*** Opening SUPPLIED ENTRIES ***
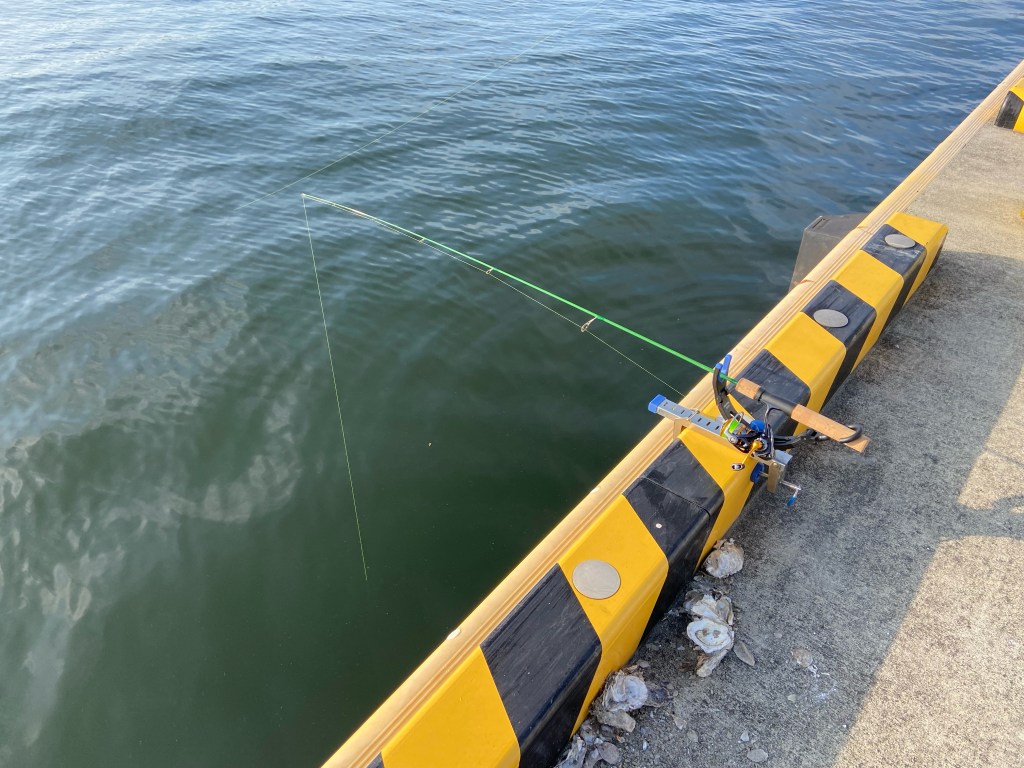 到着した時間が15時を回っていたが、釣り客が沢山いる。場所もない。仕方なく少し外れの埠頭で竿を出す事にした。遠くのお隣さんは、カニ狙いなのか仕掛けがカニ取り網の釣竿を数本出している。「むむむ、ここはイシモチはいないのか」と疑惑の念。
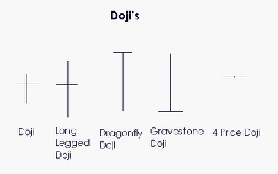 Un Doji, es una vela donde coincide el precio cotizado de la apertura con el del cierre, es decir, no tiene cuerpo. Aunque no esperéis encontrar esta coincidencia precisa ya que en múltiples ocasiones se observa un diminuto cuerpo donde casi no existe diferencia entre el precio apertura y cierre.
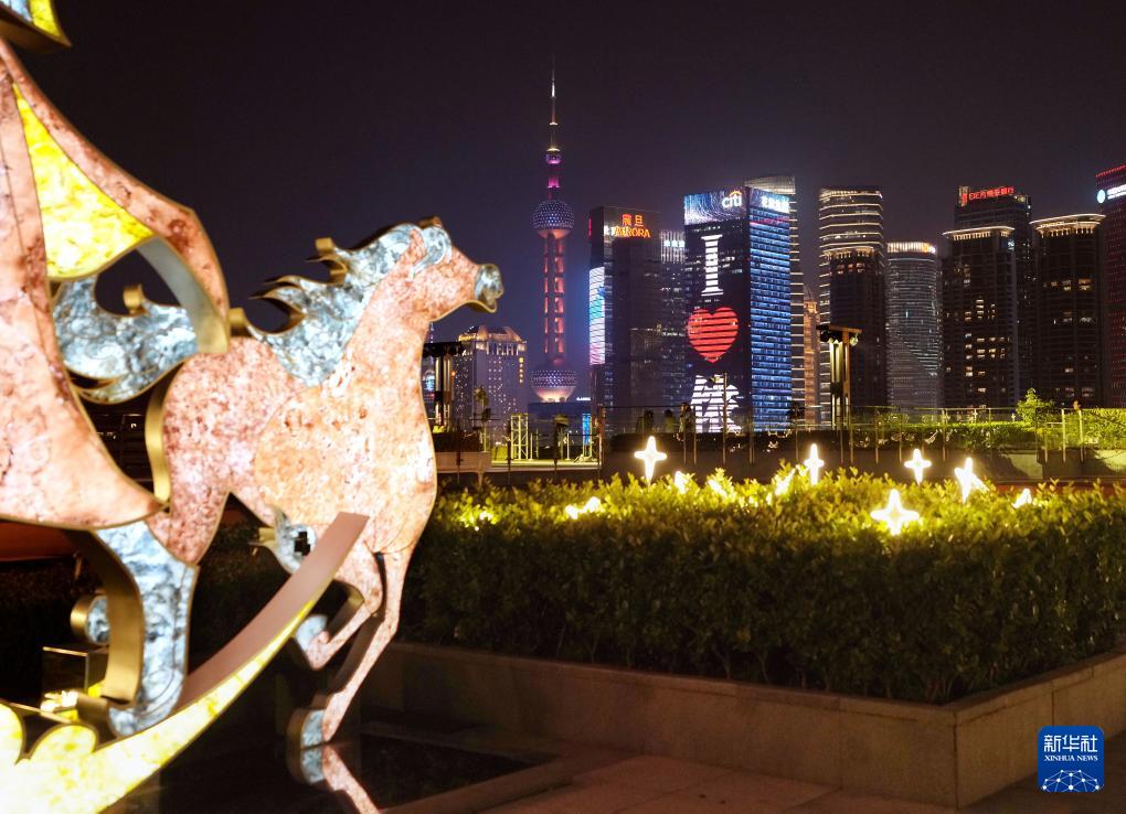 2月1日晚,BFC外滩金融中心露台上的骏马造型花灯与浦江夜景相辉映。
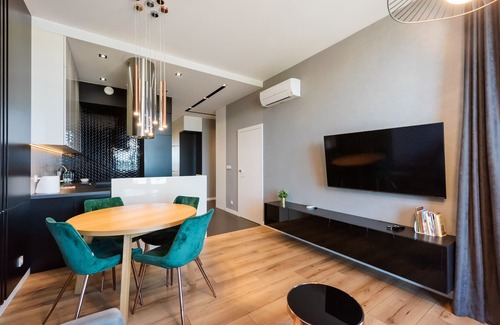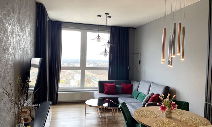Praga 23rd Floor High-Class Apartment is located on the 23rd floor in a modern building in Praga Południe. The flat offers a magnificent view of the green districts of Warsaw.
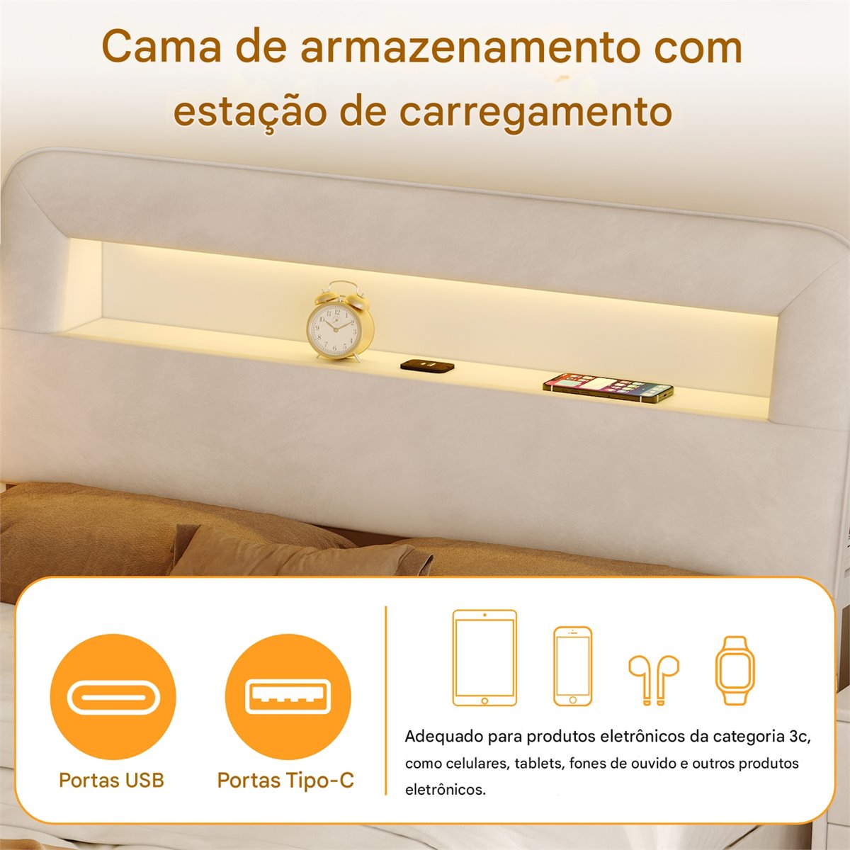Una suave funda de terciopelo color crema crea un ambiente lujoso, mientras que la iluminación LED, los puertos de carga y el espacio de almacenamiento ofrecen una comodidad moderna.
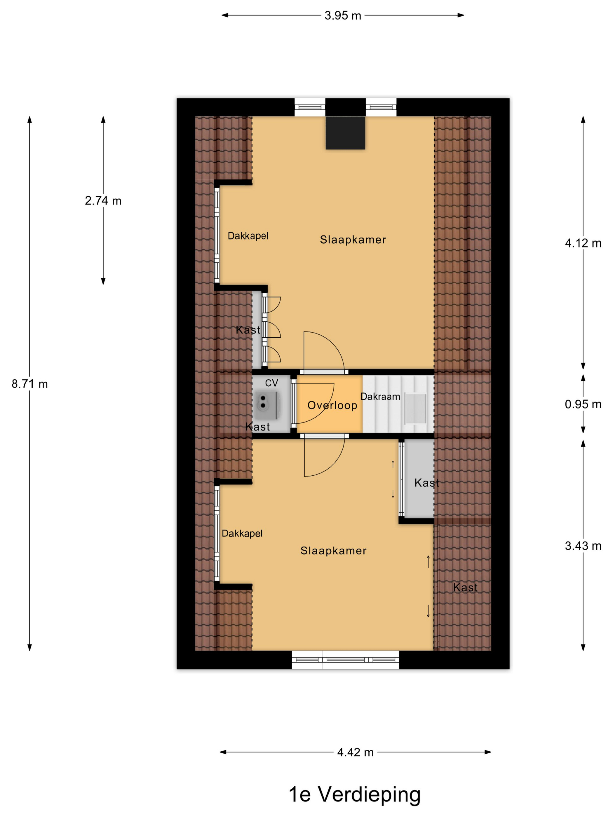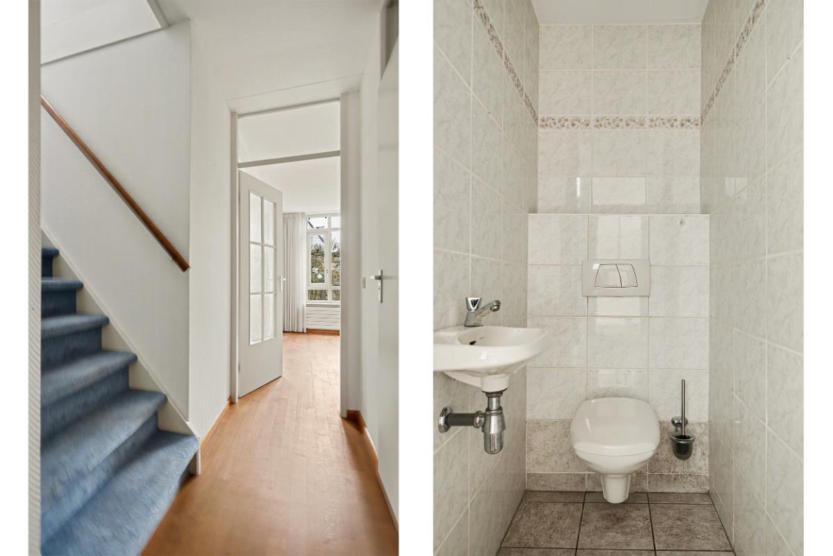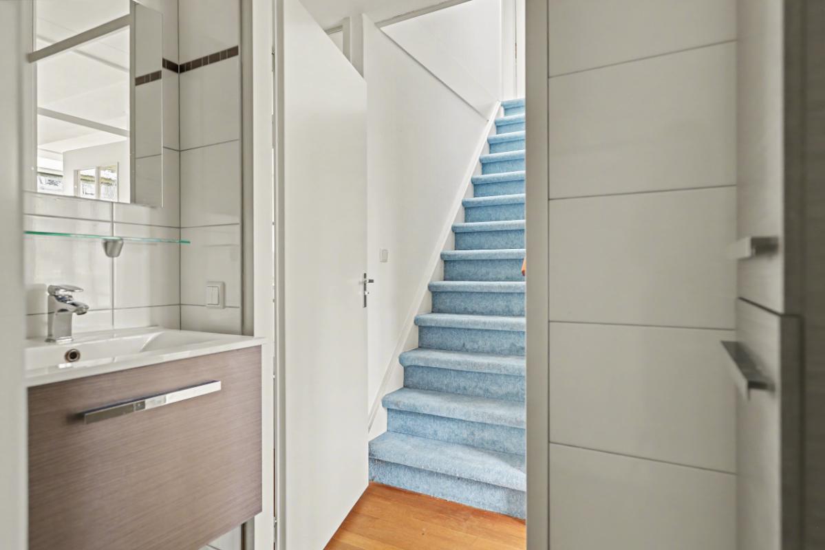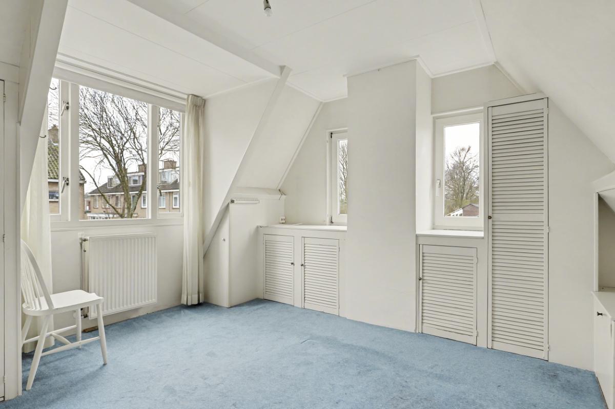 Eerste verdieping: De overloop beschikt over een Velux dakraam, wat zorgt voor extra lichtinval. Hier bevinden zich twee slaapkamers en een aparte CV-ruimte met de Atag HR-combiketel. De twee slaapkamers zijn beide ruim bemeten en hebben veel ramen voor voldoende lichtinval.
*** Closing SUPPLIED ENTRIES ***
> [TASK ITEM] Return the whole of the material above exactly, with no picture carried over.

> [ANSWER TO THIS TASK]
 到着した時間が15時を回っていたが、釣り客が沢山いる。場所もない。仕方なく少し外れの埠頭で竿を出す事にした。遠くのお隣さんは、カニ狙いなのか仕掛けがカニ取り網の釣竿を数本出している。「むむむ、ここはイシモチはいないのか」と疑惑の念。
 Un Doji, es una vela donde coincide el precio cotizado de la apertura con el del cierre, es decir, no tiene cuerpo. Aunque no esperéis encontrar esta coincidencia precisa ya que en múltiples ocasiones se observa un diminuto cuerpo donde casi no existe diferencia entre el precio apertura y cierre.
 2月1日晚,BFC外滩金融中心露台上的骏马造型花灯与浦江夜景相辉映。
Praga 23rd Floor High-Class Apartment is located on the 23rd floor in a modern building in Praga Południe. The flat offers a magnificent view of the green districts of Warsaw.
Una suave funda de terciopelo color crema crea un ambiente lujoso, mientras que la iluminación LED, los puertos de carga y el espacio de almacenamiento ofrecen una comodidad moderna.
 Eerste verdieping: De overloop beschikt over een Velux dakraam, wat zorgt voor extra lichtinval. Hier bevinden zich twee slaapkamers en een aparte CV-ruimte met de Atag HR-combiketel. De twee slaapkamers zijn beide ruim bemeten en hebben veel ramen voor voldoende lichtinval.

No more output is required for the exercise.